▶ _MATERIAL FOR THIS TASK_
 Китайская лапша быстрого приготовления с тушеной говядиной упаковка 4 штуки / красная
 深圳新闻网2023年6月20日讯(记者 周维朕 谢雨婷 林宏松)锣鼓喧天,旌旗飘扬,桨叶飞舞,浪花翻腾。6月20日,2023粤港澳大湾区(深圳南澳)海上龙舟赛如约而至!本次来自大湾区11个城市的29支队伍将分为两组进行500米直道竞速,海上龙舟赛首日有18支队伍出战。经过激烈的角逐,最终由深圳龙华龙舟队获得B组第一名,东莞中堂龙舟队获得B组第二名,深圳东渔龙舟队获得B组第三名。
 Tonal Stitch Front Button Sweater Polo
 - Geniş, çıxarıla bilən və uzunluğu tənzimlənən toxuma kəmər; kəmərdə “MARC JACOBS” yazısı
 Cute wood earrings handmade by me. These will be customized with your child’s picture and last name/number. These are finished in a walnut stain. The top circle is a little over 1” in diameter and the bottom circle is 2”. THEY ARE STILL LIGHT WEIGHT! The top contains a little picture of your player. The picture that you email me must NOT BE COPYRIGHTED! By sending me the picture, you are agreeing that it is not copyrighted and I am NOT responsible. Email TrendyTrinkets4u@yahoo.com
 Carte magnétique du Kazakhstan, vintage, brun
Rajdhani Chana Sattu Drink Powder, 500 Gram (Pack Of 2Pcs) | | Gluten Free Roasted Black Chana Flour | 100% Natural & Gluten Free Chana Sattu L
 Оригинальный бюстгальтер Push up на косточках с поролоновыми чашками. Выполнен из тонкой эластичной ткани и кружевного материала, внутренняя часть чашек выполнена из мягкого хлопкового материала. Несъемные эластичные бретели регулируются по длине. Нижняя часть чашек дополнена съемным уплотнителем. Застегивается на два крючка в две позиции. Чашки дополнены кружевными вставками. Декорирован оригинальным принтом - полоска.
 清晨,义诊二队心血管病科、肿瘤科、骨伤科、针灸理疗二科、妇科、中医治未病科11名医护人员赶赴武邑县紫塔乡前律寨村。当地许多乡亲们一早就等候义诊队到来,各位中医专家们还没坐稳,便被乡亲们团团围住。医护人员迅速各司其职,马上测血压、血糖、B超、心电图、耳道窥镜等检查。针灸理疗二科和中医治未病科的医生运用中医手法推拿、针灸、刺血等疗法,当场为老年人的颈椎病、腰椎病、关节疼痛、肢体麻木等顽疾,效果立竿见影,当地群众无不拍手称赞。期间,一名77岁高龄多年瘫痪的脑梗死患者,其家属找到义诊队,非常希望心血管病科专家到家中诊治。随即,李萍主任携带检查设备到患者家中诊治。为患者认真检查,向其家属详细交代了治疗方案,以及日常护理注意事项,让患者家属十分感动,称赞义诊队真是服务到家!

▶ _TASK OBJECTIVE_
Each line above from the one with "深圳新闻网2023年6月20日讯(记者 周维朕 谢雨婷" up to and including the one with "Tonal Stitch Front Button Sweater Polo" must be set down exactly, and no line outside that span may appear.

▶ _EXPECTED ANSWER_
 深圳新闻网2023年6月20日讯(记者 周维朕 谢雨婷 林宏松)锣鼓喧天,旌旗飘扬,桨叶飞舞,浪花翻腾。6月20日,2023粤港澳大湾区(深圳南澳)海上龙舟赛如约而至!本次来自大湾区11个城市的29支队伍将分为两组进行500米直道竞速,海上龙舟赛首日有18支队伍出战。经过激烈的角逐,最终由深圳龙华龙舟队获得B组第一名,东莞中堂龙舟队获得B组第二名,深圳东渔龙舟队获得B组第三名。
 Tonal Stitch Front Button Sweater Polo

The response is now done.